Businesses’ pleas ignored as Council pedals ahead with cycleway

The orange cones popped up on roads and on-street parking spots were painted over as the Wellington City Council went ahead with its proposed cycleway in Newtown on April 19.

A last-ditch effort to halt the roadwork failed after a petition with over 1200 signatures was voted out by the Council’s planning and environment committee a week earlier.

During the Council debate which preceded the vote, speaker after speaker from among the public participants applauded the health benefits of cycling. Only Urmila, who represented the petitioners, and a handful of others, raised the livelihood threat faced by businesses that depended on kerbside parking.

As a solution, the Council resolved to provide alternative public parking at the children’s hospital as well as in the Countdown supermarket car park. In addition, the existing loading zone serving businesses will be retained as a “time restricted on-street loading zone,” operating between 7pm to 7am . A new full time loading zone will be established on the “hospital access road just south of the shops.”  

The businesses maintain that they were never consulted on the process.

“The issue is that more than 1200 people petitioned the Council to create a pause so that we could have an actual consultation and come out with a good solution,” Urmila explains. “But the Council refused to do it.”

The Council’s move to appropriate parking space from the new children’s hospital as well as the Countdown supermarket is not a viable solution, business owners say.
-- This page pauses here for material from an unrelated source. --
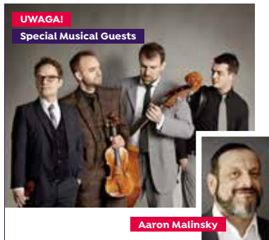
UWAGA! Special Musical Guests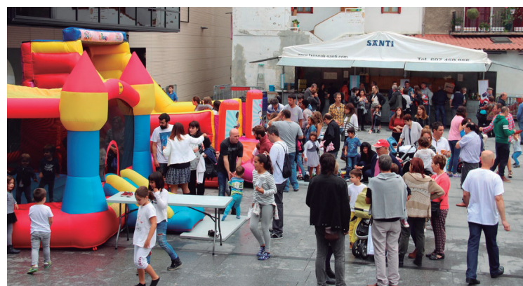
Haurrentzako puzgarriak izan ziren larunbat goizean.

“While that would mean displacing a patient, a caregiver or a staff member from their car park, relying on private entities is also not sustainable over the long term, especially since the Council plans to charge a levy on private industry if it operates more than 10 parking spots,” Urmila observes.

The debate showed a disconnect between councilors and business owners. One councilor asked Urmila if she would be flexible in the timings for the loading zone.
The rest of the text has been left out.